Sunday, January 18, 2015
Good morning, beautiful. Yes, I mean you. You. The one sitting at facebook reading posts wishing you were thinner, or smarter, or more talented, or or or. Stop believing the lies.. God created you. He. Created. YOU. The Potter put the clay on the wheel, and made one a pitcher, and another a bowl. Each piece designed in it's own size, shape, and color for a specific purpose for Him. "Oh, but I am so imperfect", you groan. Yes. Isn't it wonderful? Because it's the imperfections that make you a "unique piece". A singular entity that can not be reproduced. It is the flaws that give you value, because it is through those cracks and chips and holes that the light of Christ will shine. So, my dearest cracked pots, pitchers, or bowls, go do what God has made you to do today. Get off the shelf.
Everyone prays differently. Some have a true prayer closet, others kneel, some reach up to the heavens, some are quiet. Me, I have the attention span of a toddler, so God and I have a running dialogue pretty much all day long. I am reminded of our Father's infinite patience as I chatter on like my children did when they were young. I remember when my own children were about four years old, following me everywhere, telling me long elaborate stories, and asking myriads of questions. I regret my short-tempered days when all I wanted was a moment of silence.

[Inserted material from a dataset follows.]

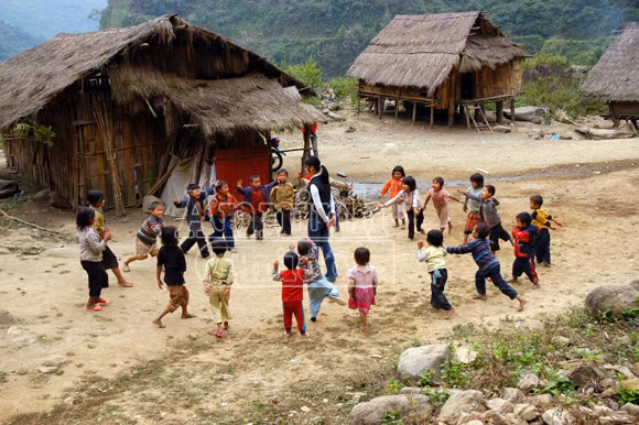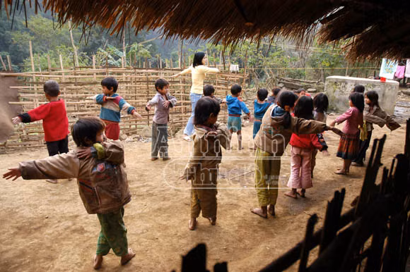 Cô giáo và những học trò thân yêu trong giờ thể dục tại sân trường Nậm Ban, Lại Châu

God is not like that. In my mind's eye, I see Him kneeling down to my level, placing His hand on my shoulder, and hearing me like I have never been heard before. He is not distracted by petty things like dirty dishes or the pile of laundry. He never needs a moment to himself. My relationship with Him is what He desires. Do I always get the answer I want to the many hard questions I ask? No. Neither did my children always get an answer to those "why" questions they asked. Sometimes they just had to be content to know that I was the mom, and that I cared more than anyone else, and that the answer couldn't always be "yes". May you feel God's loving presence as you pour out your heart to Him today. 1 Thessalonians 5:16 Rejoice always, 17 pray without ceasing, 18 give thanks in all circumstances; for this is the will of God in Christ Jesus for you.